▸ **Given information**:
--- START ---

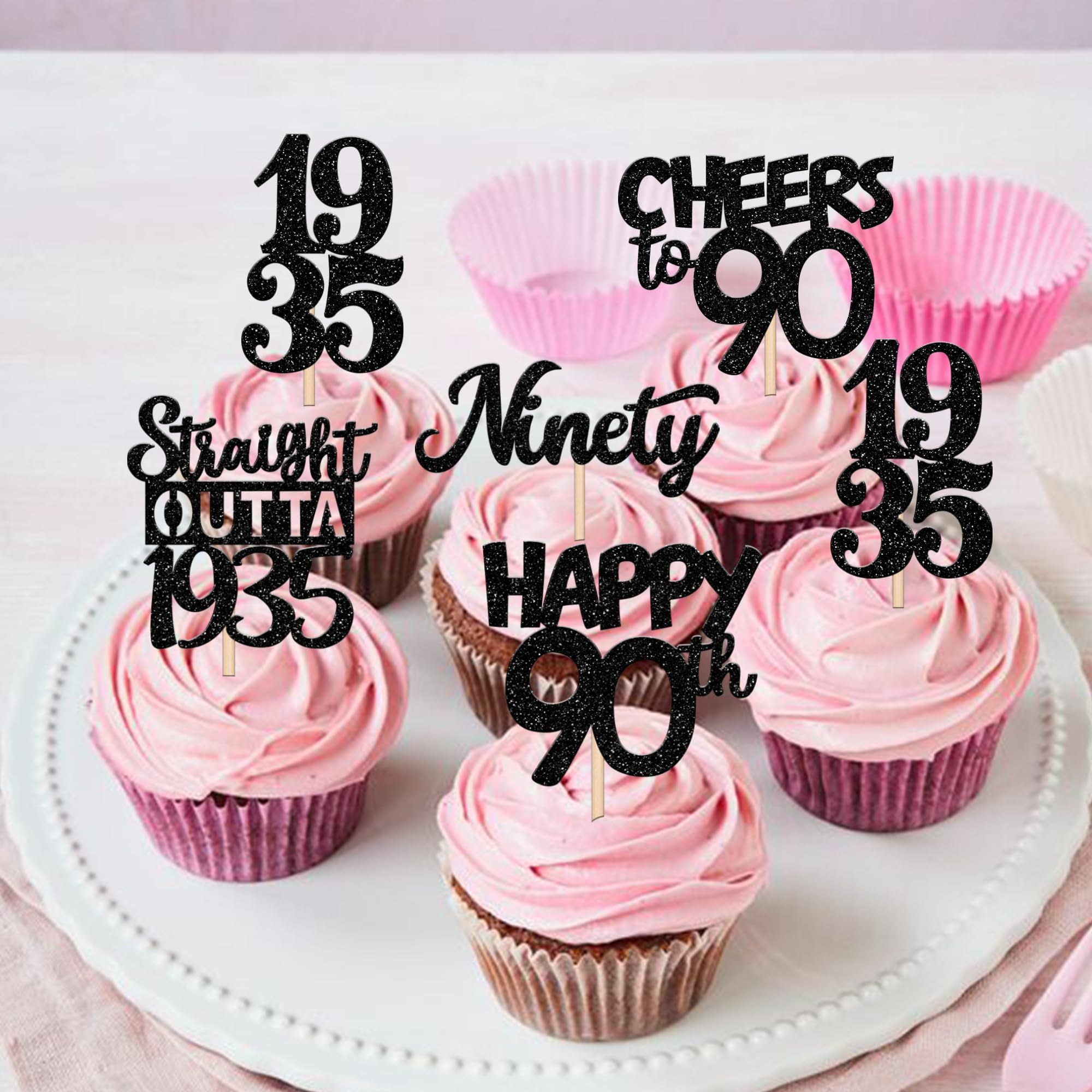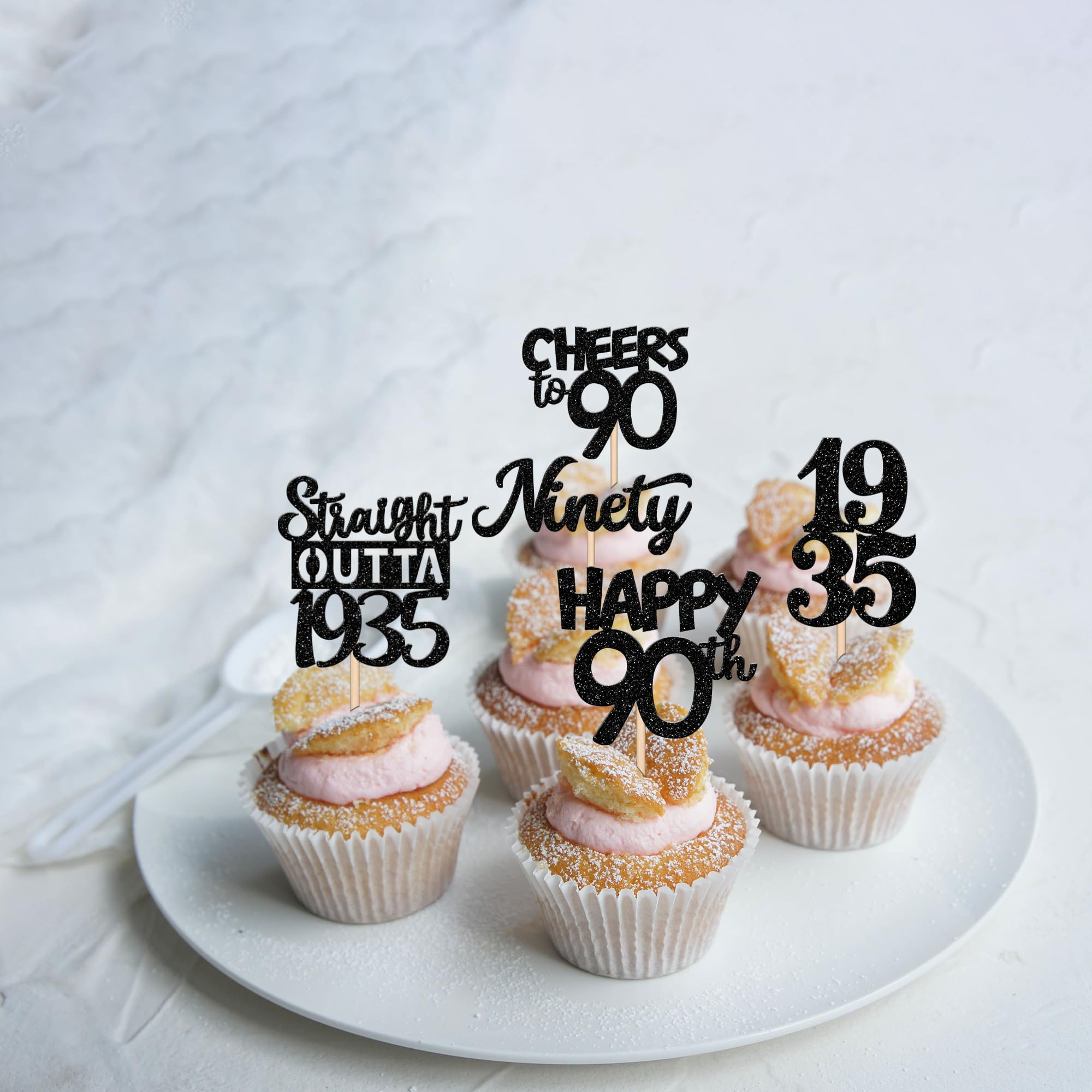 Wide Usages ! These straight outta 1935 cupcake toppers are perfect for happy 90th bithday theme party, straight outta 1935 theme party,90th wedding anniversary theme party,cheers to 90 years theme party cupcake decorations, they can make your cupcake more attractive and bring the fun to your party.You can also apply them for ice cream, fruits, cookies and other desserts.
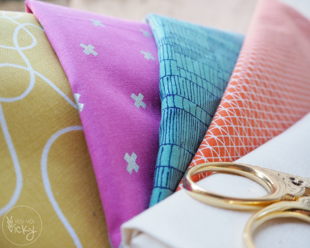 * Stoff in pink, orange und zitronengelb, je circa ein Fat Quarter
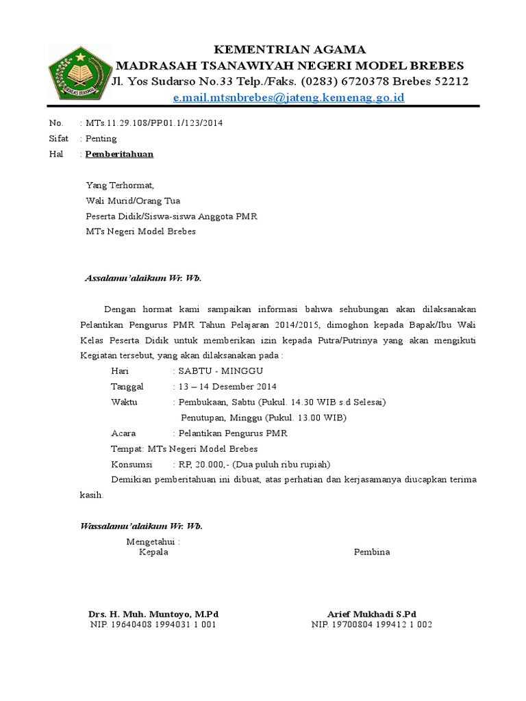 Contoh Surat Dinas Sekolah Mts : Contoh Surat Pemberitahuan Pembayaran Sekolah Untuk Wali Murid Suratkerja Com - Nah pada artikel kali ini akan kita ulas lebih dalam lagi mengenai.. Maka tidak heran jika pihak sekolah terkadang harus sampai mengeluarkan peringatan ataupun surat pemanggilan kepada orang tua siswa yang. Contoh surat dinas resmi sekolah setiap kegiatan sekolah yang bersifat resmi biasanya disertai dengan dikeluarkannya surat resmi. Surat resmi tersebut berfungsi untuk memberikan informasi kepada pihak lain atau instansi yang terkait. Surat dinas dibagi dalam beberapa jenis yaitu surat dinas sekolah, pendidikan, surat dinas yang resmi dan sebagainya. Contoh surat dinas resmi sekolah ~ setiap kegiatan sekolah yang bersifat resmi biasanya disertai dengan dikeluarkannya surat resmi.
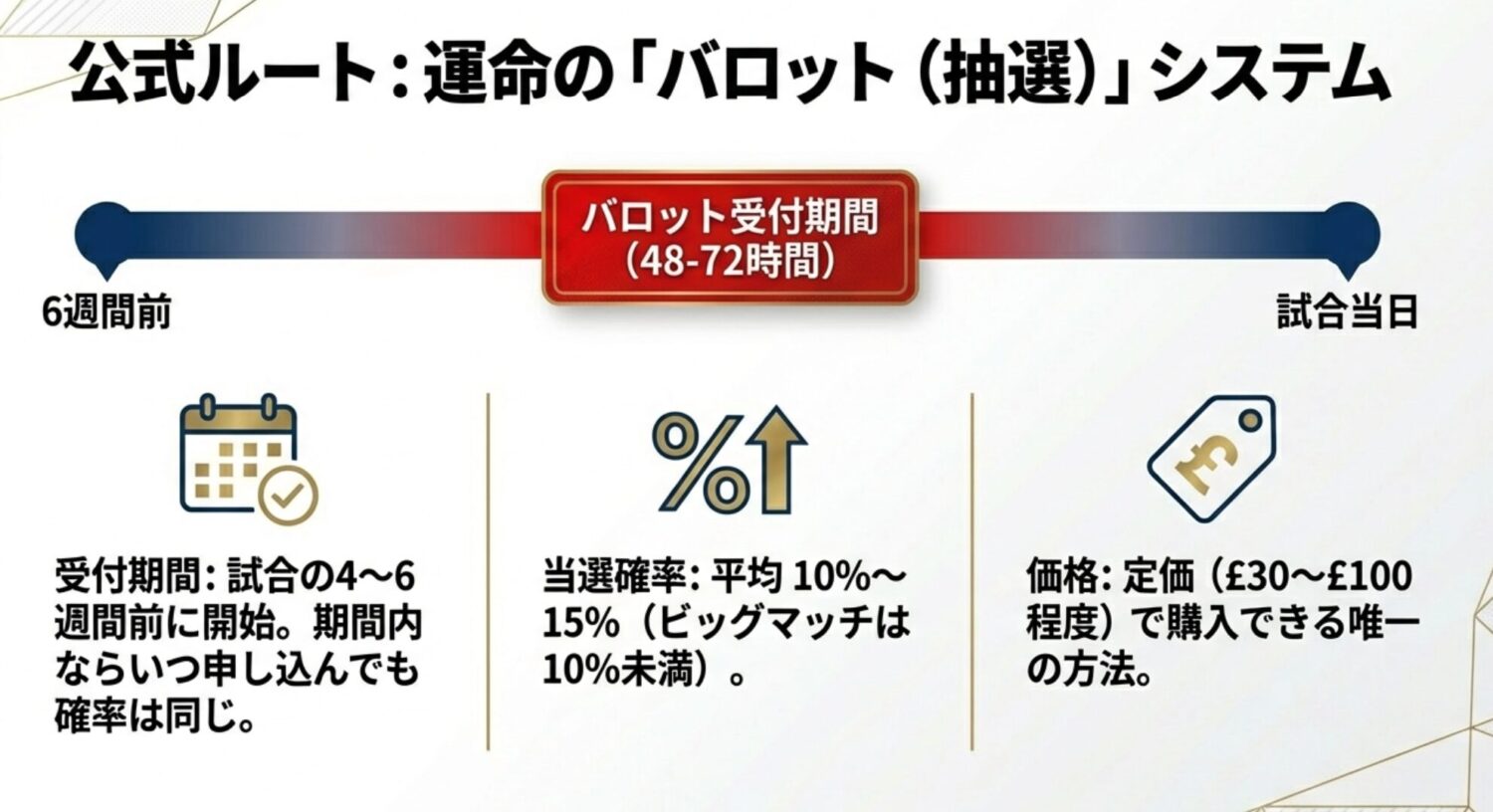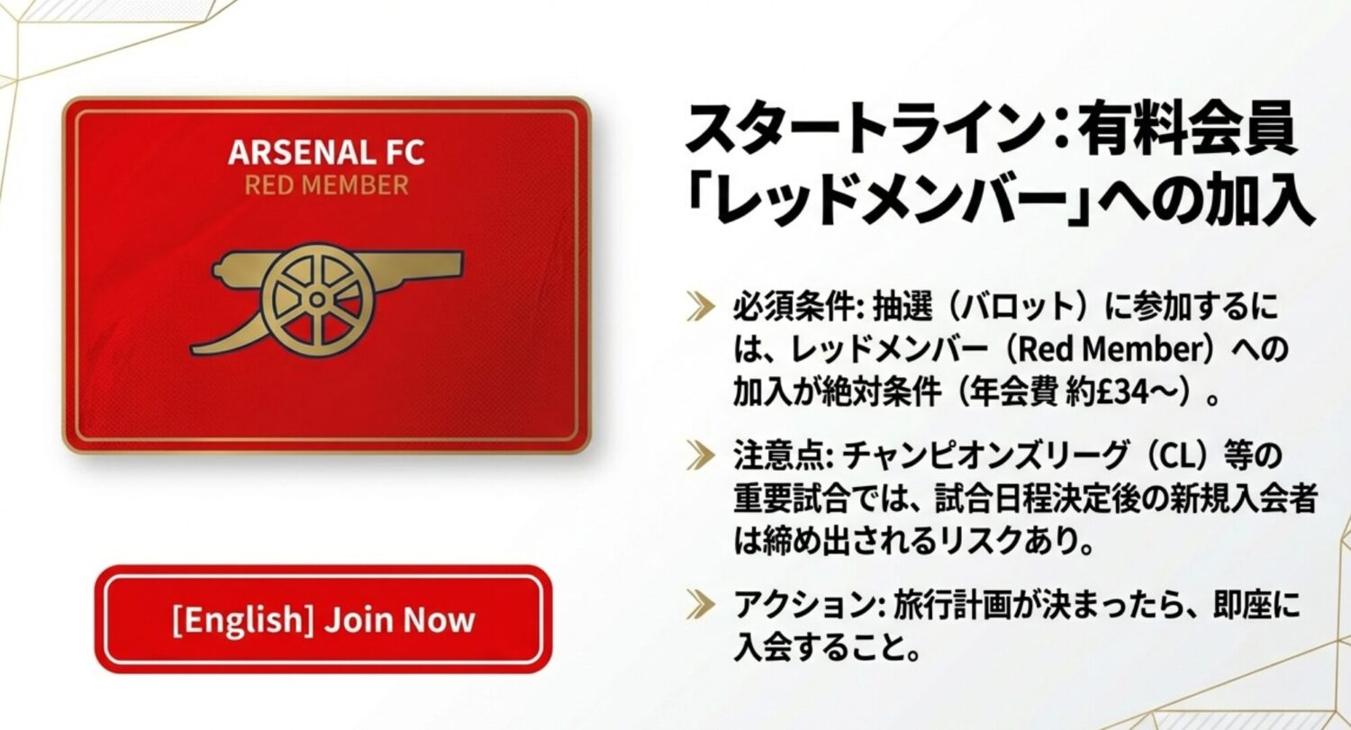 | Red Member (レッドメンバー) | 18歳以上の大人 | £34〜£39 | 【日本在住者の99%がここ】 各試合ごとの抽選(バロット)参加権と、落選後のリセールアクセス権が付与されます。 |

--- END ---

▸ **What is expected**: Please output the listing above exactly from its first line through the line with "ein Fat Quarter", both included, and nothing beyond that line. Omit pictures.

▸ **Answer section**:
 Wide Usages ! These straight outta 1935 cupcake toppers are perfect for happy 90th bithday theme party, straight outta 1935 theme party,90th wedding anniversary theme party,cheers to 90 years theme party cupcake decorations, they can make your cupcake more attractive and bring the fun to your party.You can also apply them for ice cream, fruits, cookies and other desserts.
 * Stoff in pink, orange und zitronengelb, je circa ein Fat Quarter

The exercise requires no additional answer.